Rather than starting with letters, Whyte began with sound alone — animal noises, then the sounds of the alphabet, with no print in sight. Only once he could hear and manipulate those sounds did she introduce the printed letters.
"It wasn't long before he was reading. When I saw his scores, I was tearing up," she said. "We started from the foundation — he could hear the sound, and he could manipulate the sound."
Why "L" and "R" Sounds Trip Up So Many Children
Whyte pointed to a common classroom pattern: children shown the word "blend" who read it back as "bend," skipping the "L" sound entirely.
"It's hard for kids to see and read certain letters like L and R because they haven't been trained to hear every single sound in the word," she said. "Showing them the letter doesn't always click with hearing the sound. It's sound manipulation — and teachers often jump straight to print without realising that's the gap."
One Mistake Whyte Sees Often: Teaching Long and Short Vowels Together
Whyte flagged a specific classroom error she's seen recently — introducing long and short vowel sounds to children at the same time.
"Long vowels don't just happen — they happen in situations, like a silent 'E' making a vowel say its own name," she said. "When kids are starting out, leave the long vowels alone. Let them master the short sounds first, before introducing things like the silent E."
Who the Training Is For
The training is designed for pre-school and elementary school teachers, school leaders, and parents alike — including parents of very young children, or even children not yet born.

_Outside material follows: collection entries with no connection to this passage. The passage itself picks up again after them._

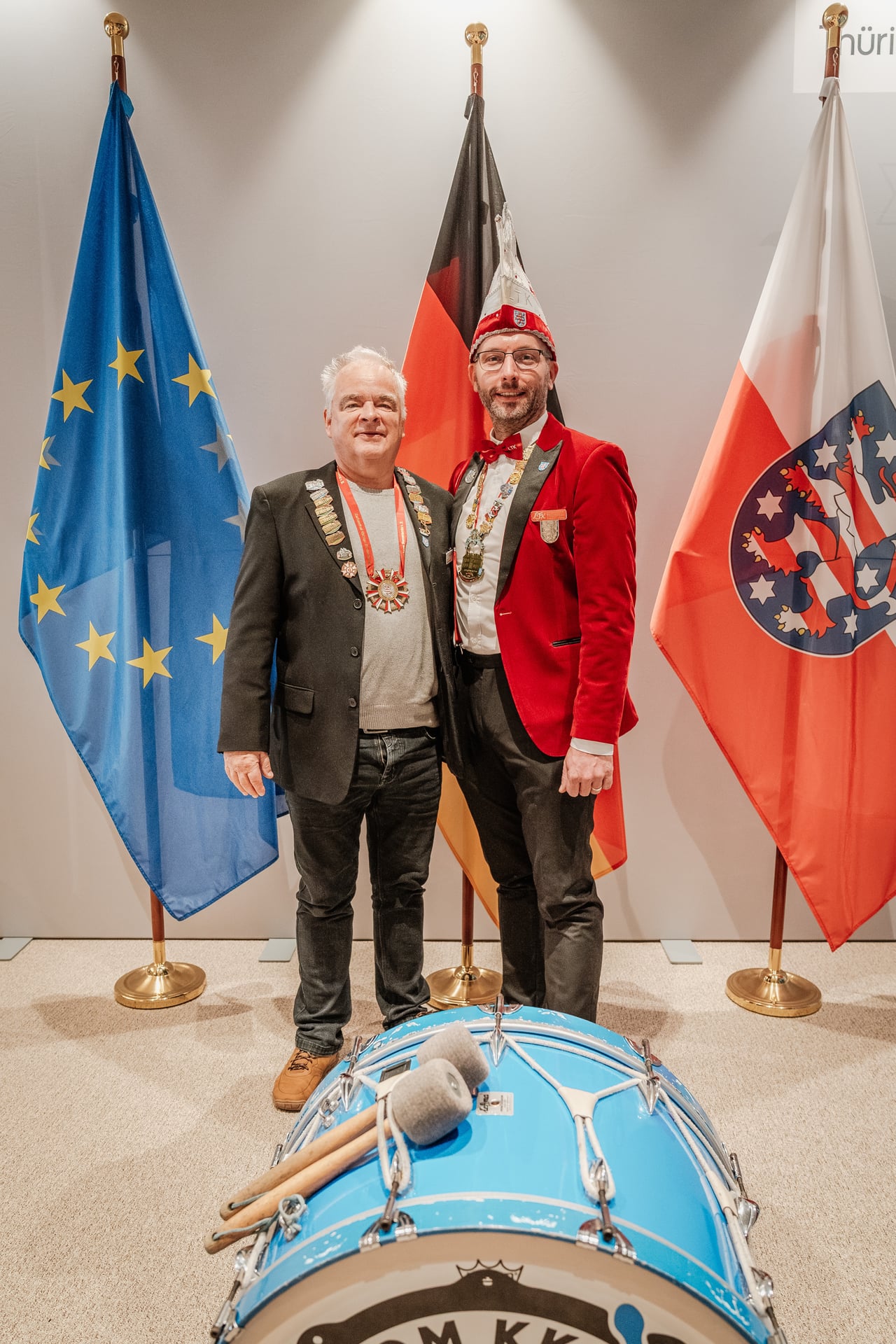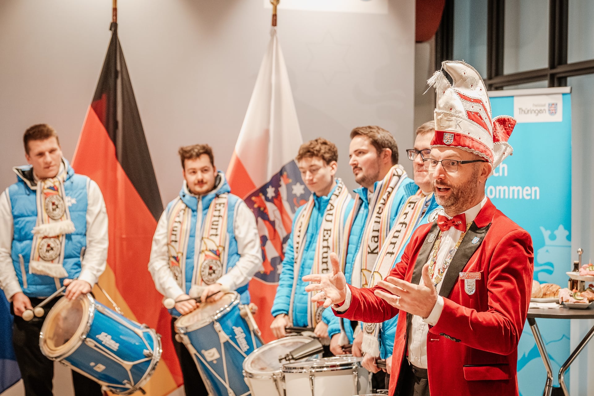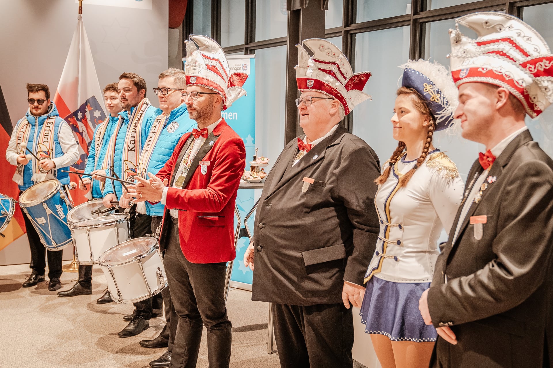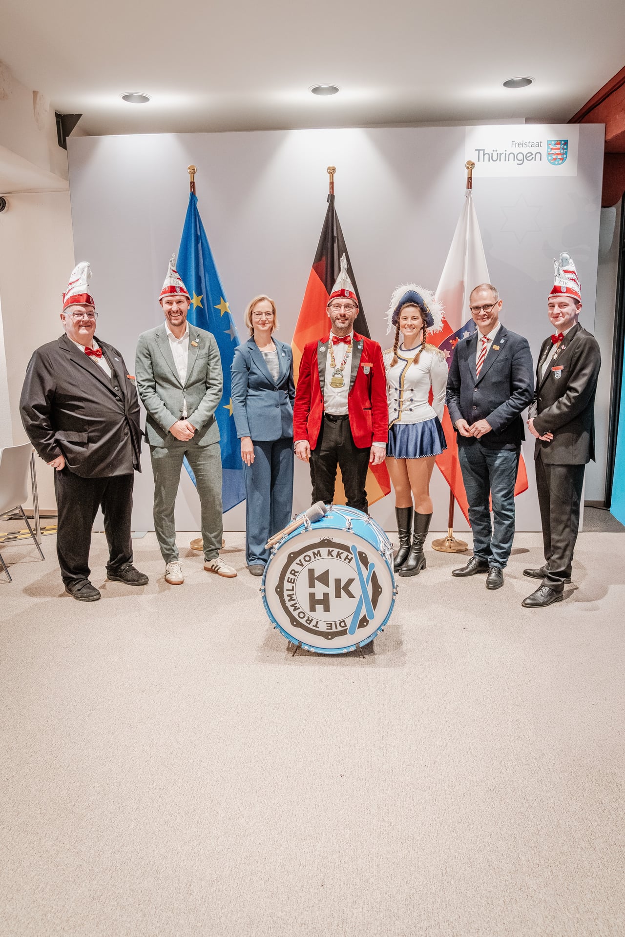 Mit Trommeln, Tempo und traditionellem Helau stürmte die Delegation den Kabinettssaal – und wurde herzlich empfangen von Katja Wolf, der stellvertretenden Ministerpräsidentin und Finanzministerin, die Ministerpräsident Prof. Dr. Mario Voigt vertrat. Dieser befand sich auf einer Auslandsreise in Israel.
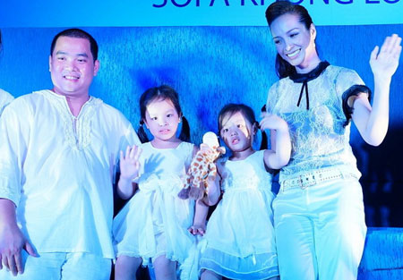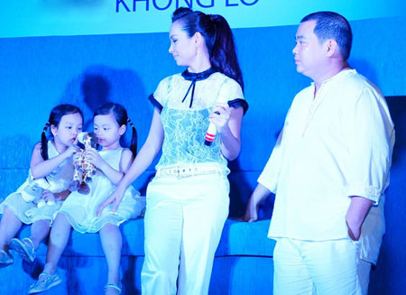 Chiều 7/4, vợ chồng nhạc sĩ Minh Khang và cựu người mẫu Thúy Hạnh dẫn hai con là các bé Suli, Suti đi dự buổi ra mắt
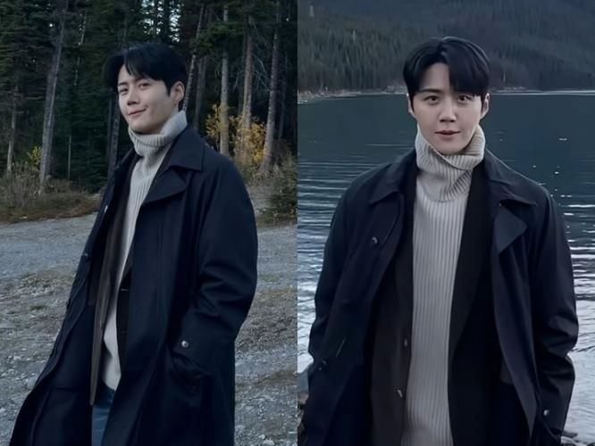 Trong những bức ảnh, Kim diện một bộ trang phục từ chương trình gồm một chiếc áo khoác dài màu tối khoác ngoài áo len cổ lọ màu be, tạo nên vẻ ngoài kín đáo nhưng tinh tế. Kiểu dáng rộng rãi, bay bổng của áo khoác mang đến vẻ thanh lịch tự nhiên, trong khi chiếc áo len cổ lọ đơn giản tạo sự cân bằng và cấu trúc, tạo nên phong cách mùa đông cổ điển đầy chủ ý.
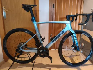 Bicicleta de carretera BH aerolight talla xl. Grupo 105 electrónico, luz trasera original acoplada a la tija, dos botelleros, cierre la ruedas aero. Cables internos. Manillar plano con potencia integrada. Pedales favero assioma duo con mismos km. Comprada en marzo de 2025. No tiene ni 300 km. Se vende por lesión. Factura de compra - Cuadro de carbono. - Frenos de disco. - Ruedas Vision Team 35.
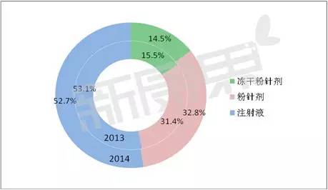 單抗主要有凍干粉針劑、粉針劑和注射液三種劑型。其中,單抗注射液的市場份額過半,其后依次是粉針劑和凍干粉針劑,三者的銷售額占比約為5:3:2。
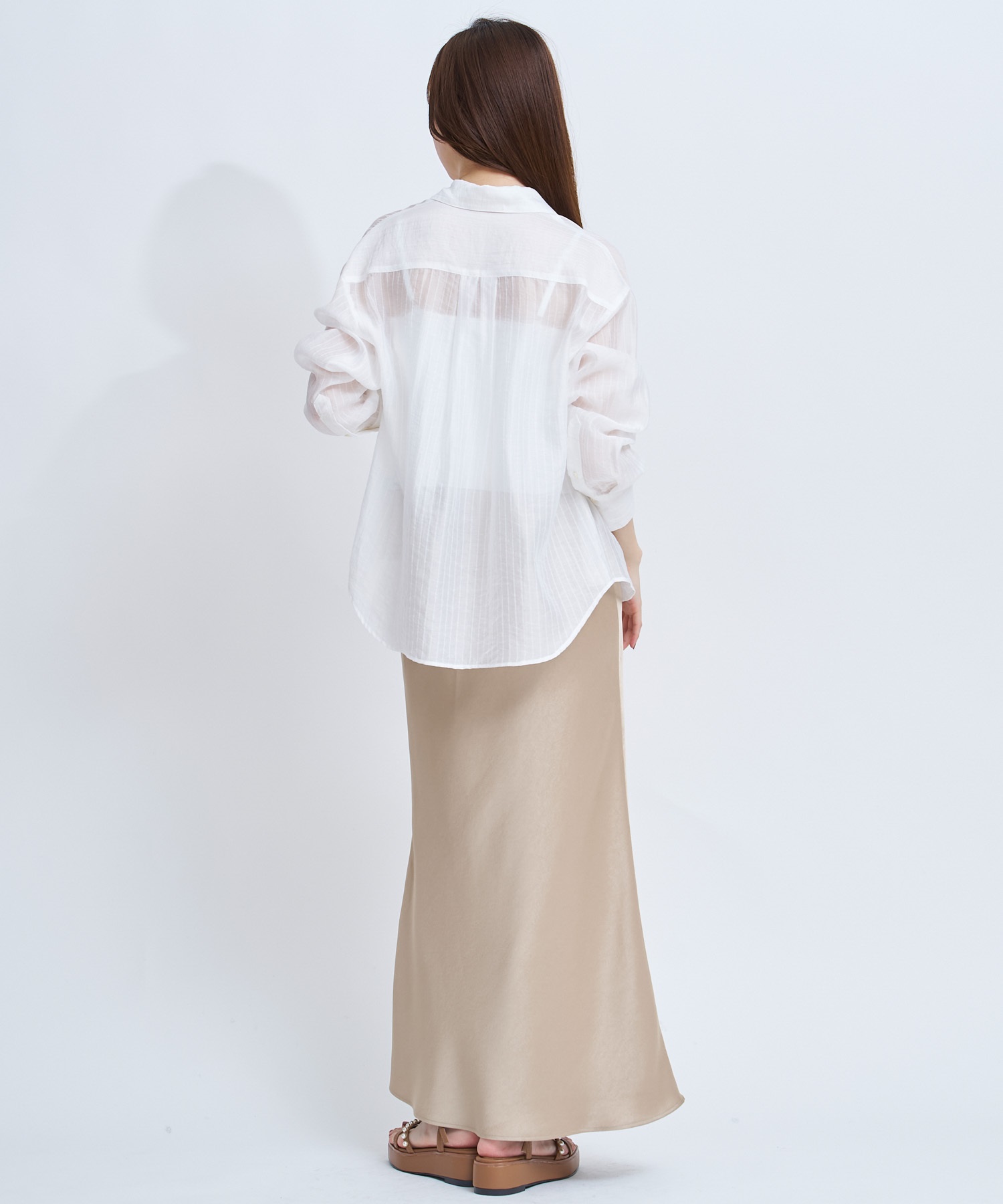 バイヤス使いにより身体のラインにやわらかく沿い、美しい落ち感を演出します。
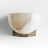 The Halo Alabaster Minimalist Wall Light balances refined elegance with calming minimalism. Featuring a beautifully hand-carved hemispherical alabaster shade, this sconce emits a soft, ambient glow that brings tranquility to your interiors. Anchored by a warm brass backplate, it offers a harmonious contrast between organic translucency and polished metallic sheen.
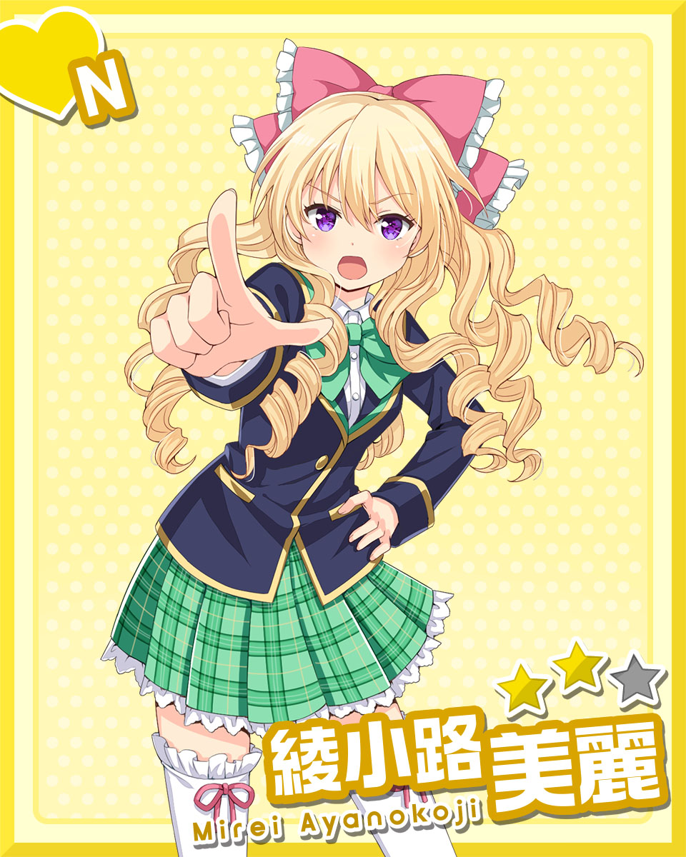 1girl ayanokoji_mirei blonde_hair blue_jacket bow card character_name drill_hair frills girlfriend_(kari) green_bow green_skirt highres jacket official_art open_mouth pink_bow plaid_clothes plaid_skirt purple_eyes qp:flapper ringlets school_uniform skirt thighhighs yellow_background

"If you're pregnant, you can start teaching your child to listen to sound and manipulate sound before they even come out of the womb," Whyte said, noting her own children learned to read early through the same approach — sometimes to the frustration of their pre-K teachers.
Participants won't just be lectured to. "We're going to be doing what we're supposed to be doing in the classroom," Whyte said. Attendees will practice every phonological awareness skill in sequence and leave with a full lesson written for each one, ready to use immediately.
Event Details
- What: Phonological Awareness Training, led by Anita S. Whyte, EdS.
- When: Friday, July 17, 10:00am – 2:00pm
- Where: Sunny FM, Dan Peters Memorial Hall, Kanda, Accra
- Register: thewhyteacademy.com or call 024 562 1346
Whyte previously trained teachers at International Community School in Accra and Kumasi. She returns to Ghana next year for a follow-up training covering reading, phonics and writing.